**Task directions:** Your answer is the lines below, exactly, from the one that contains "В Москве у памятника" through the one that contains "- Luxurious indoor", both included.

**Available records:**
━━━━━━━━━━━━━━━━━━━━━━━━━━━━━━
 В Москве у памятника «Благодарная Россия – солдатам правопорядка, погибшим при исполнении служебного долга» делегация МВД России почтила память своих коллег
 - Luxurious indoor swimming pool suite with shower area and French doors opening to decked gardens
━━━━━━━━━━━━━━━━━━━━━━━━━━━━━━
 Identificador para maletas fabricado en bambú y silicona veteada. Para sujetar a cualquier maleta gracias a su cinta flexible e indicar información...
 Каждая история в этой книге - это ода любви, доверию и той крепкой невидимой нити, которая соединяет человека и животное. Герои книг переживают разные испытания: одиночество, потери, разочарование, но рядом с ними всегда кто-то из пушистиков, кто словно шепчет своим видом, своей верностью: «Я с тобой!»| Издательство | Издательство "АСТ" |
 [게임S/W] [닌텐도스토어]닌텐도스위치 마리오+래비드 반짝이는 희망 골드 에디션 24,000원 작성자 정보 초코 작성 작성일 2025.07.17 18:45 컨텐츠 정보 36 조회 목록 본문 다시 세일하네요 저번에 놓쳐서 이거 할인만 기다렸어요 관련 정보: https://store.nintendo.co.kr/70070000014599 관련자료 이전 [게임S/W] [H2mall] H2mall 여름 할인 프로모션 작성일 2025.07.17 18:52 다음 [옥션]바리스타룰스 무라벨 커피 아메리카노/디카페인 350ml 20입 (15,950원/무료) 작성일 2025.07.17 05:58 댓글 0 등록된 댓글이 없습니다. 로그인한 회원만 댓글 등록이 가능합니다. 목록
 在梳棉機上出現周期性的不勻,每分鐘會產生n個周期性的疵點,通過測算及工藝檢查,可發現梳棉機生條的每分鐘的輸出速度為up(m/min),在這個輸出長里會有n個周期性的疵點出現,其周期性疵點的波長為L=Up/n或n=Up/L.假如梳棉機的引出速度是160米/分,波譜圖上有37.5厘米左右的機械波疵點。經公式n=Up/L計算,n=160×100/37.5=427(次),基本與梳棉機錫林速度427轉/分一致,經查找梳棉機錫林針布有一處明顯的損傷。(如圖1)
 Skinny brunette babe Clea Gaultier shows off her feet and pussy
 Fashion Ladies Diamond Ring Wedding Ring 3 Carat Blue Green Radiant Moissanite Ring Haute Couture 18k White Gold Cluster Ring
━━━━━━━━━━━━━━━━━━━━━━━━━━━━━━
**Task answer:**
 В Москве у памятника «Благодарная Россия – солдатам правопорядка, погибшим при исполнении служебного долга» делегация МВД России почтила память своих коллег
 - Luxurious indoor swimming pool suite with shower area and French doors opening to decked gardens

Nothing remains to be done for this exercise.